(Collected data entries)
==============================

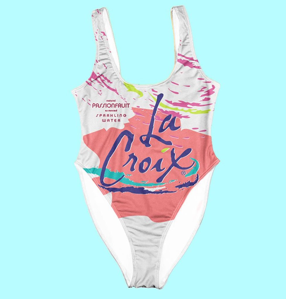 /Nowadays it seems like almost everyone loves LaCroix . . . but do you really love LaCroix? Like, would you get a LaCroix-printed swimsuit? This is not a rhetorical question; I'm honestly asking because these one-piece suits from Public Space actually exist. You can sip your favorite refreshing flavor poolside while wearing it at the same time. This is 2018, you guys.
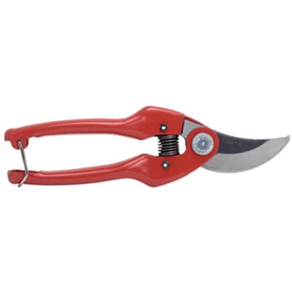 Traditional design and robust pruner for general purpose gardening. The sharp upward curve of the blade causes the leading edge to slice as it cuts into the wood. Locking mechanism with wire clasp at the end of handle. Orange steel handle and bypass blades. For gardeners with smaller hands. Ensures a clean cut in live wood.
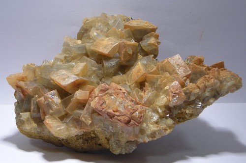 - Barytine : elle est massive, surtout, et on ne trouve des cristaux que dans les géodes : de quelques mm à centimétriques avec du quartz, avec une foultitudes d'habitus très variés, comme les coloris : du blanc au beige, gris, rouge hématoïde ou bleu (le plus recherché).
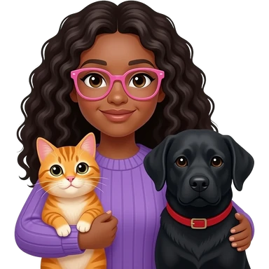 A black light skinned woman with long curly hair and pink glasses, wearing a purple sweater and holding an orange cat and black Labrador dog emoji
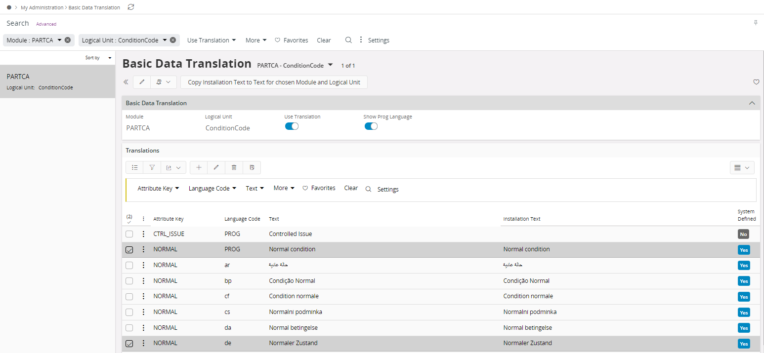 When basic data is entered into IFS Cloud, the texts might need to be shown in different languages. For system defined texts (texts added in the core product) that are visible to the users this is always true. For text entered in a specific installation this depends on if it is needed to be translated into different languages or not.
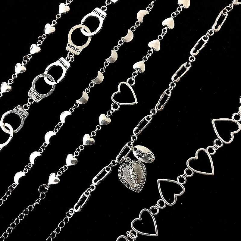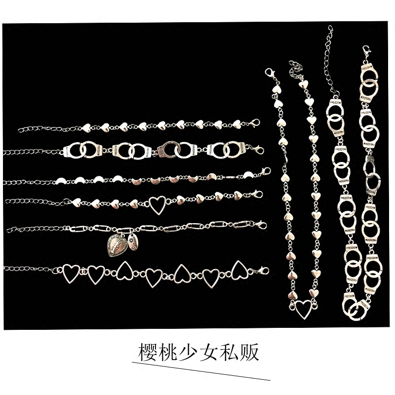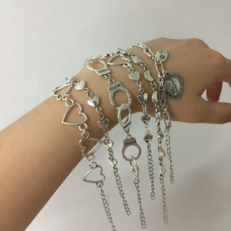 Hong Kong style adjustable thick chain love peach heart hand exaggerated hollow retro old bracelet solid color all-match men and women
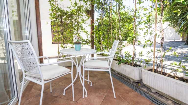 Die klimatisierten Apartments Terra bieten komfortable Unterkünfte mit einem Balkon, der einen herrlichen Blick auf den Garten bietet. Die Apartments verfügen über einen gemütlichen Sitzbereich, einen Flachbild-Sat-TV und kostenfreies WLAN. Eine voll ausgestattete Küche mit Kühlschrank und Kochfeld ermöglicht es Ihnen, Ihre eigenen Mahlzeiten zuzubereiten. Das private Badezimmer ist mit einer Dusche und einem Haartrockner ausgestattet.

==============================

A verbatim copy of the data, with all pictures omitted, is the required output.

### [Answer area]
 /Nowadays it seems like almost everyone loves LaCroix . . . but do you really love LaCroix? Like, would you get a LaCroix-printed swimsuit? This is not a rhetorical question; I'm honestly asking because these one-piece suits from Public Space actually exist. You can sip your favorite refreshing flavor poolside while wearing it at the same time. This is 2018, you guys.
 Traditional design and robust pruner for general purpose gardening. The sharp upward curve of the blade causes the leading edge to slice as it cuts into the wood. Locking mechanism with wire clasp at the end of handle. Orange steel handle and bypass blades. For gardeners with smaller hands. Ensures a clean cut in live wood.
 - Barytine : elle est massive, surtout, et on ne trouve des cristaux que dans les géodes : de quelques mm à centimétriques avec du quartz, avec une foultitudes d'habitus très variés, comme les coloris : du blanc au beige, gris, rouge hématoïde ou bleu (le plus recherché).
 A black light skinned woman with long curly hair and pink glasses, wearing a purple sweater and holding an orange cat and black Labrador dog emoji
 When basic data is entered into IFS Cloud, the texts might need to be shown in different languages. For system defined texts (texts added in the core product) that are visible to the users this is always true. For text entered in a specific installation this depends on if it is needed to be translated into different languages or not.
 Hong Kong style adjustable thick chain love peach heart hand exaggerated hollow retro old bracelet solid color all-match men and women
 Die klimatisierten Apartments Terra bieten komfortable Unterkünfte mit einem Balkon, der einen herrlichen Blick auf den Garten bietet. Die Apartments verfügen über einen gemütlichen Sitzbereich, einen Flachbild-Sat-TV und kostenfreies WLAN. Eine voll ausgestattete Küche mit Kühlschrank und Kochfeld ermöglicht es Ihnen, Ihre eigenen Mahlzeiten zuzubereiten. Das private Badezimmer ist mit einer Dusche und einem Haartrockner ausgestattet.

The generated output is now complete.